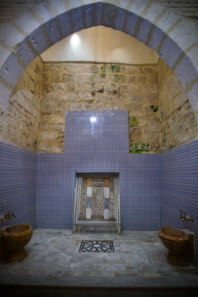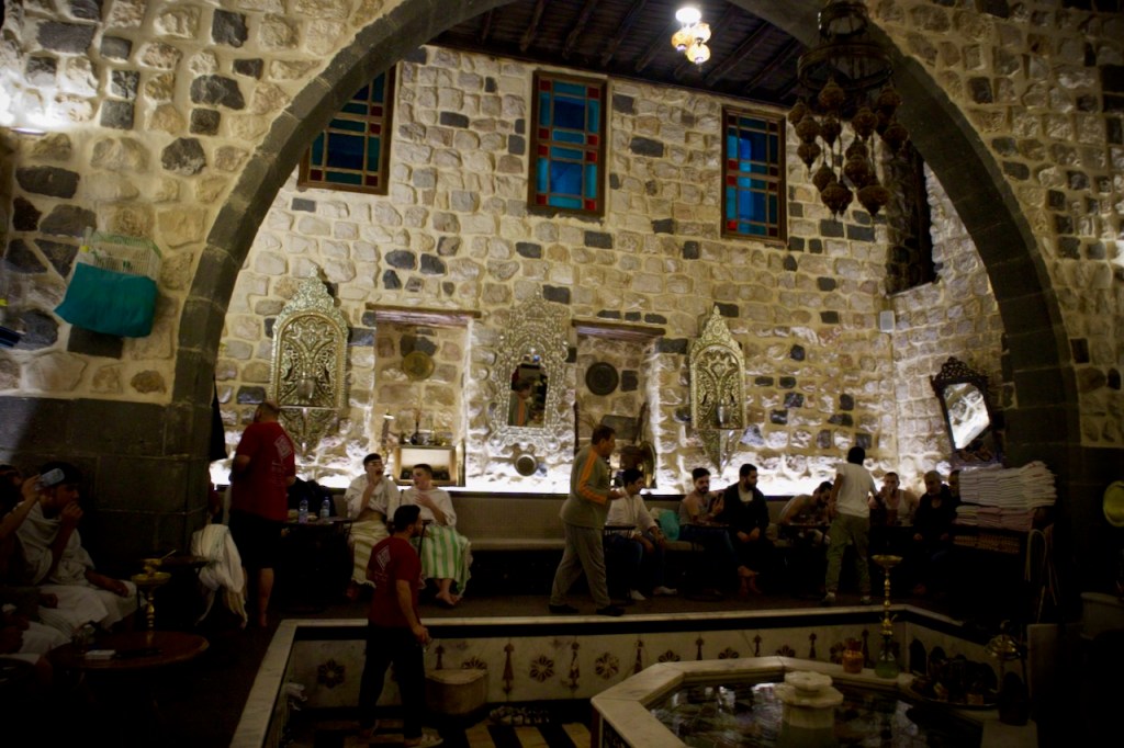 Lunch is served at the classy Al Kamal Restaurant where waitors in formal attire regale us with more delicious Syrian dips and soups, mouth-watering dolmas and stews, followed by very decadent local sweets. Damascus still has so much to offer: the Via Recta Hotel, the exquisite former home of artisan George Bitar, the charming Qishla Cafe where you want to linger without the cares of the old/new regime, the historic Jewish quarter, and the Umayyad Mosque where dusk light meets marble floor reflections with the background chants of Friday evening prayer. Allahu Akbar/God is the greatest. Rain is finally upon us! The evening suddenly turns chilly. Hammam, anyone?
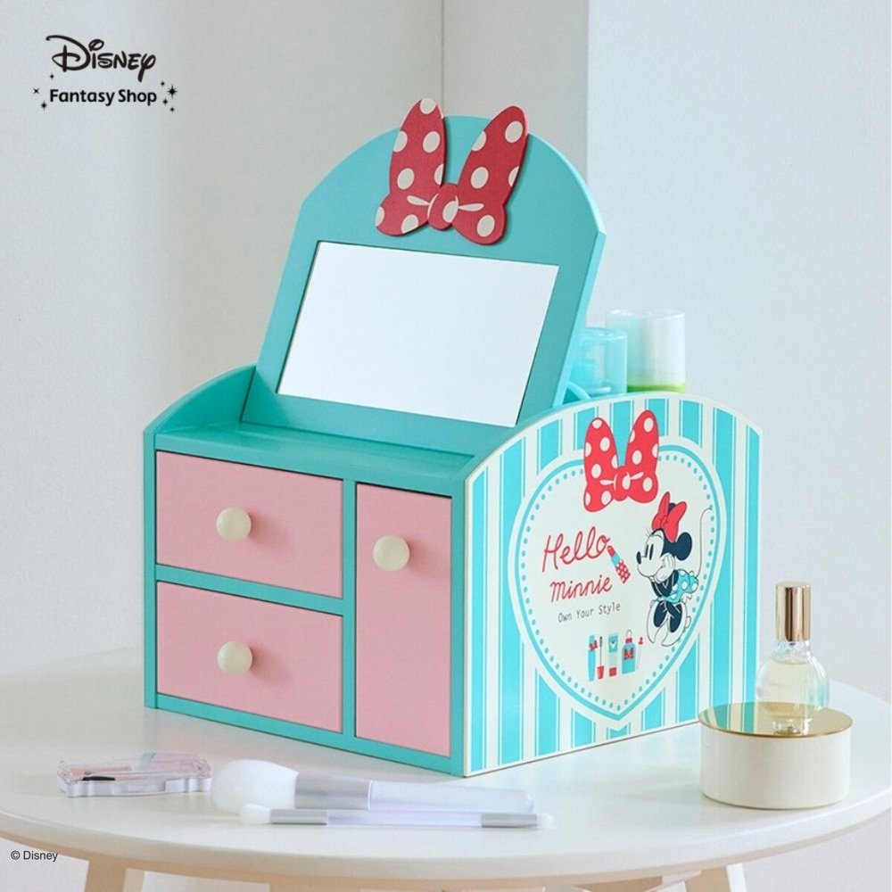 大きなリボンとビビットな配色が印象的なデザイン。3杯の引出しにメイク道具をたっぷり収納でき、好きな場所へ持ち運んでメイクが楽しめます。
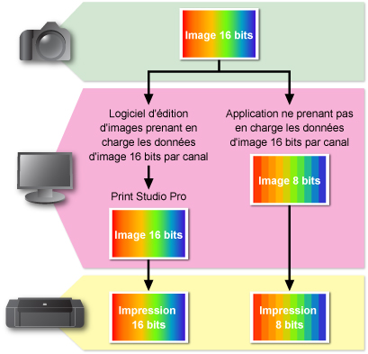 Lors du réglage des couleurs dans le logiciel d'édition d'image, un réglage à 16 bits par canal atténue la dégradation de la qualité de l'image en raison des bandes (exécution du dégradé). Par ailleurs, l'impression des images de la plage dynamique haute (flux de 16 bits intégral) produit des dégradés plus lisses par rapport aux impressions des images 8 bits par canal.

### Your objective
Copy out the data exactly and keep the pictures out.

### Answer to the problem
 Lunch is served at the classy Al Kamal Restaurant where waitors in formal attire regale us with more delicious Syrian dips and soups, mouth-watering dolmas and stews, followed by very decadent local sweets. Damascus still has so much to offer: the Via Recta Hotel, the exquisite former home of artisan George Bitar, the charming Qishla Cafe where you want to linger without the cares of the old/new regime, the historic Jewish quarter, and the Umayyad Mosque where dusk light meets marble floor reflections with the background chants of Friday evening prayer. Allahu Akbar/God is the greatest. Rain is finally upon us! The evening suddenly turns chilly. Hammam, anyone?
 大きなリボンとビビットな配色が印象的なデザイン。3杯の引出しにメイク道具をたっぷり収納でき、好きな場所へ持ち運んでメイクが楽しめます。
 Lors du réglage des couleurs dans le logiciel d'édition d'image, un réglage à 16 bits par canal atténue la dégradation de la qualité de l'image en raison des bandes (exécution du dégradé). Par ailleurs, l'impression des images de la plage dynamique haute (flux de 16 bits intégral) produit des dégradés plus lisses par rapport aux impressions des images 8 bits par canal.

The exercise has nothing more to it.